**Material for the task:**

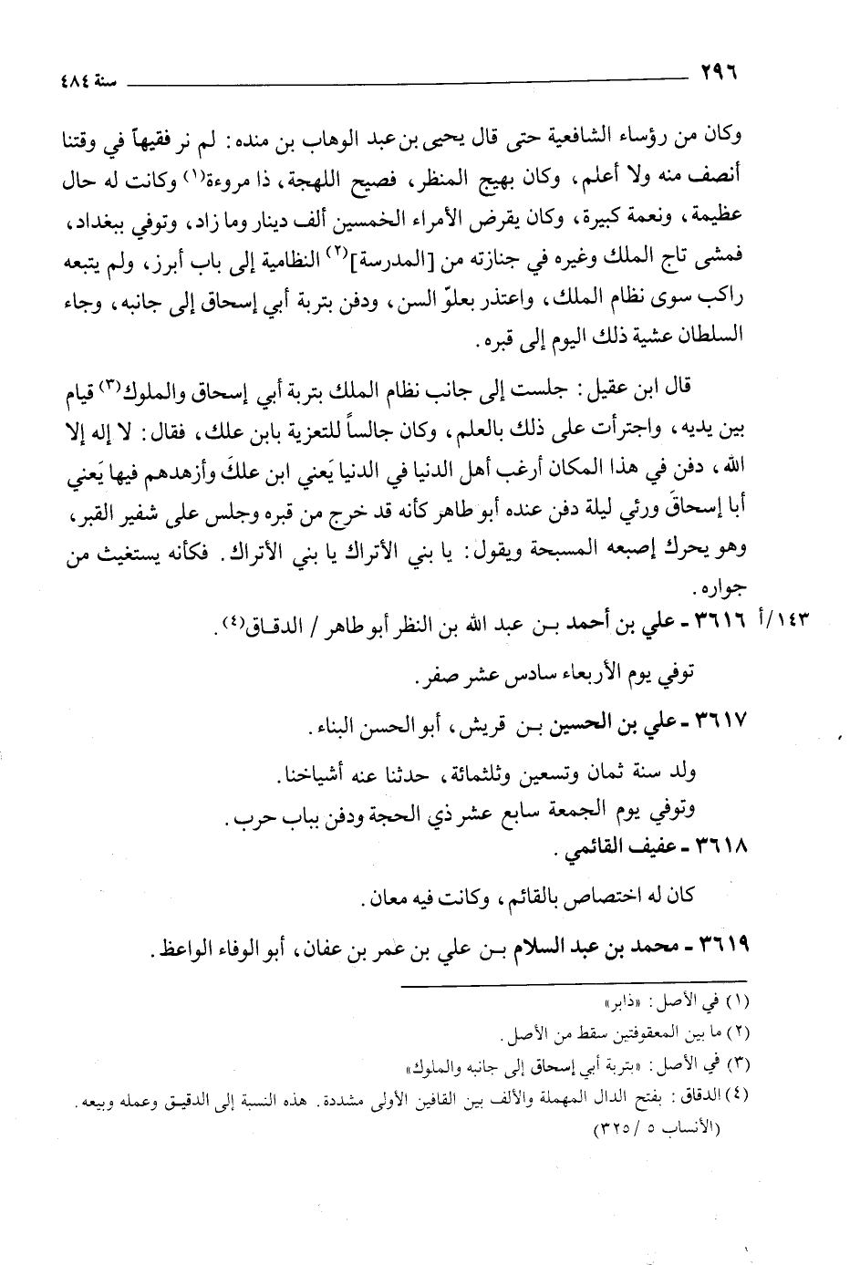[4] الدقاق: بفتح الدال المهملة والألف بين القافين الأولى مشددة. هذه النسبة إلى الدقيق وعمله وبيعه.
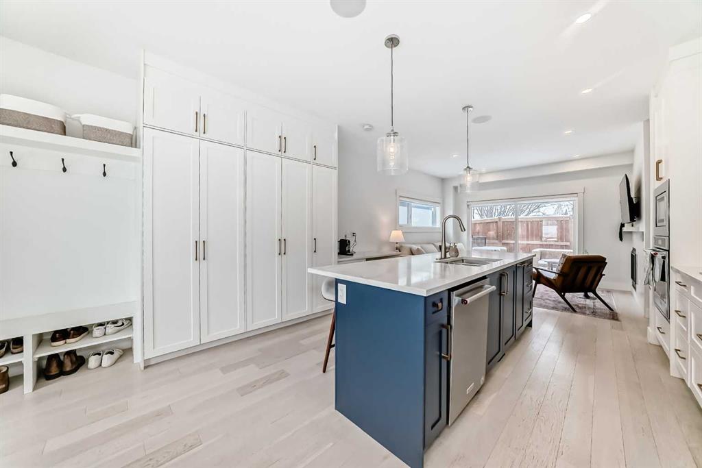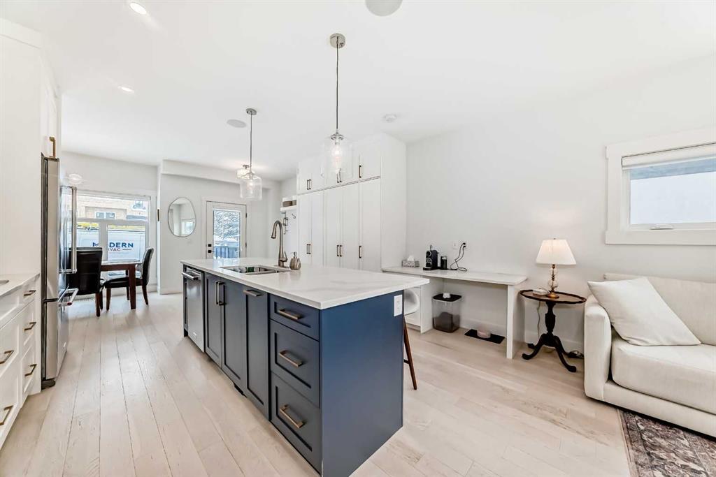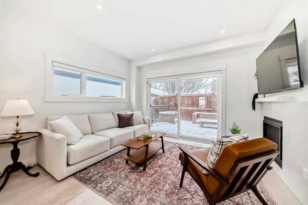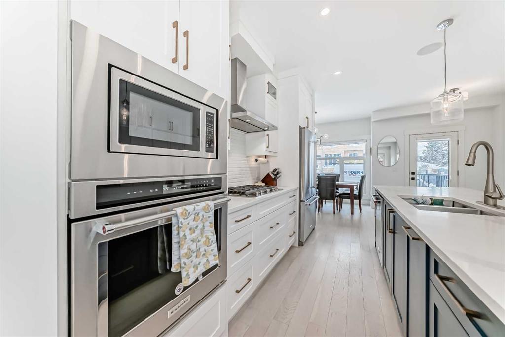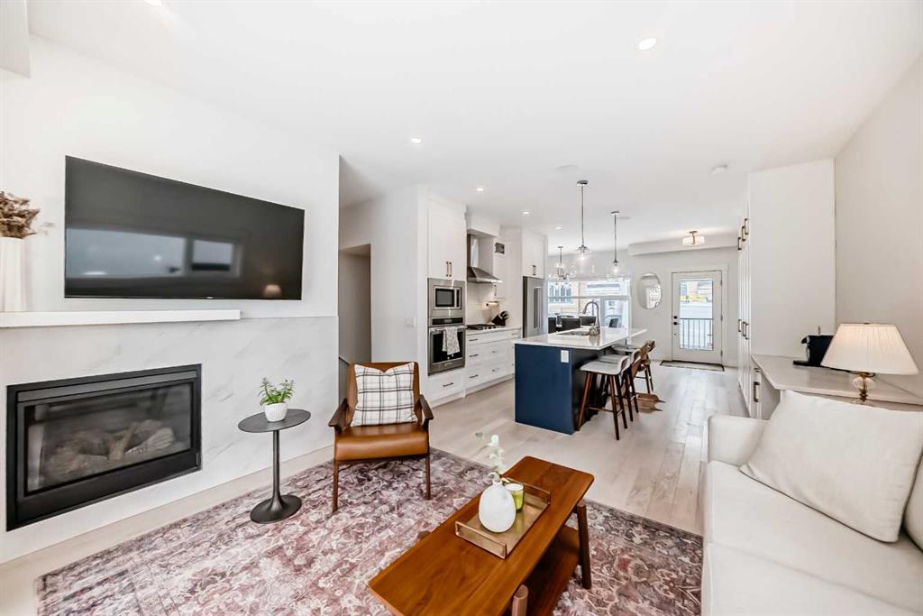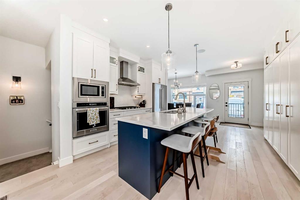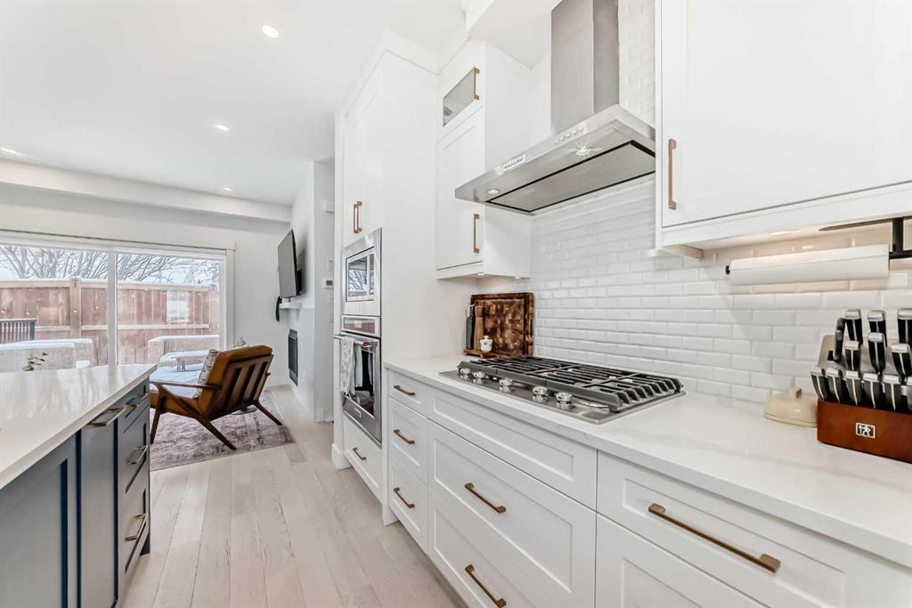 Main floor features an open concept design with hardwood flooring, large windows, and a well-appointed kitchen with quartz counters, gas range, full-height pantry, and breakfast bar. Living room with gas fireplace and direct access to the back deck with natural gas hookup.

* * *

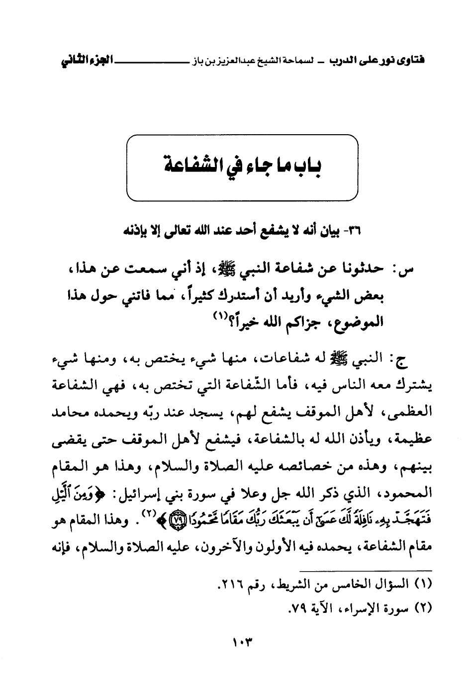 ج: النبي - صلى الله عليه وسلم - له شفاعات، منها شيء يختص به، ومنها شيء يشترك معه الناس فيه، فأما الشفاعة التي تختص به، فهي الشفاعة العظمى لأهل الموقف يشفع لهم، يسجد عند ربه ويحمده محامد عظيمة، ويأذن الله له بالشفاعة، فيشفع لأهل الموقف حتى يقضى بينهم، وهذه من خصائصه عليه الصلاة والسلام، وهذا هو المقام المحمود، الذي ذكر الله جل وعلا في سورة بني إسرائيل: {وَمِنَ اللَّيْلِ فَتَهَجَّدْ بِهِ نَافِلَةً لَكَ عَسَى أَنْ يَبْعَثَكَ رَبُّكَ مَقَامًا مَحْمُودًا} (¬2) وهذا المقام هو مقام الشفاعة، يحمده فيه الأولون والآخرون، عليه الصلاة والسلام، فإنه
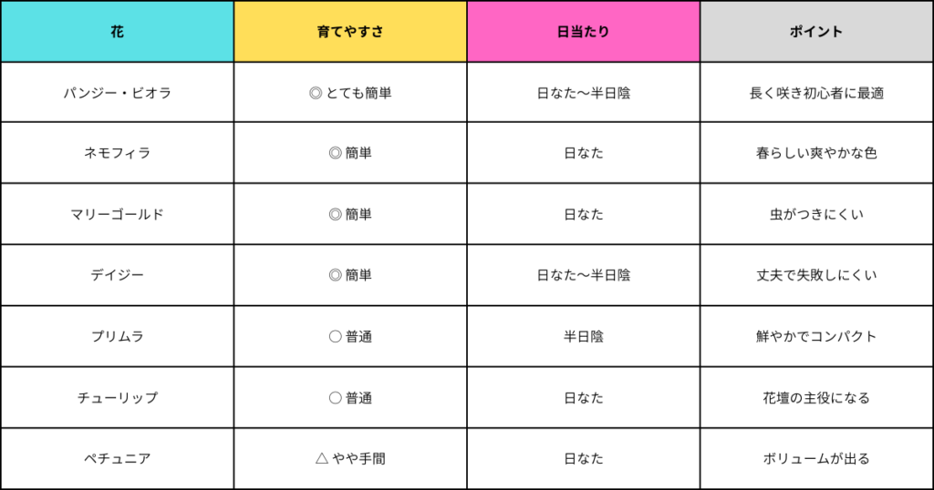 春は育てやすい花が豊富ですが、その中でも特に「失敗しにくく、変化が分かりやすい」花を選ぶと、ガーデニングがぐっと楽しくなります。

---

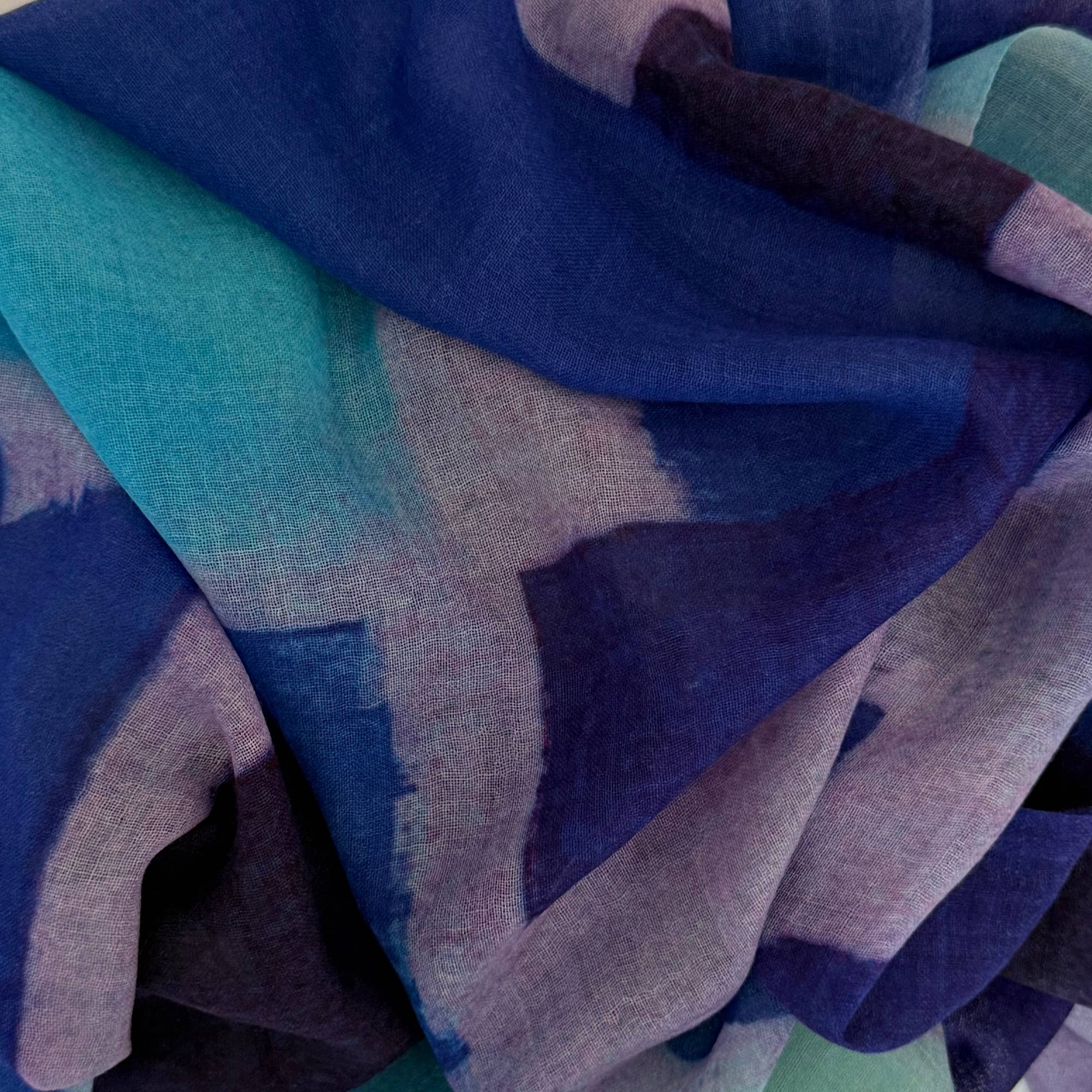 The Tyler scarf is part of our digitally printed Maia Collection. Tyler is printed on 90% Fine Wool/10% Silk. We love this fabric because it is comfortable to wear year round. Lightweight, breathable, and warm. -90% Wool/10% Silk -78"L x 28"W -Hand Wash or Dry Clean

**What the task requires:**
Leaving pictures out, output the lines of the data above from the one with "[4] الدقاق: بفتح" through the one with "Main floor features", word for word.

**Response to the task:**
[4] الدقاق: بفتح الدال المهملة والألف بين القافين الأولى مشددة. هذه النسبة إلى الدقيق وعمله وبيعه.
 Main floor features an open concept design with hardwood flooring, large windows, and a well-appointed kitchen with quartz counters, gas range, full-height pantry, and breakfast bar. Living room with gas fireplace and direct access to the back deck with natural gas hookup.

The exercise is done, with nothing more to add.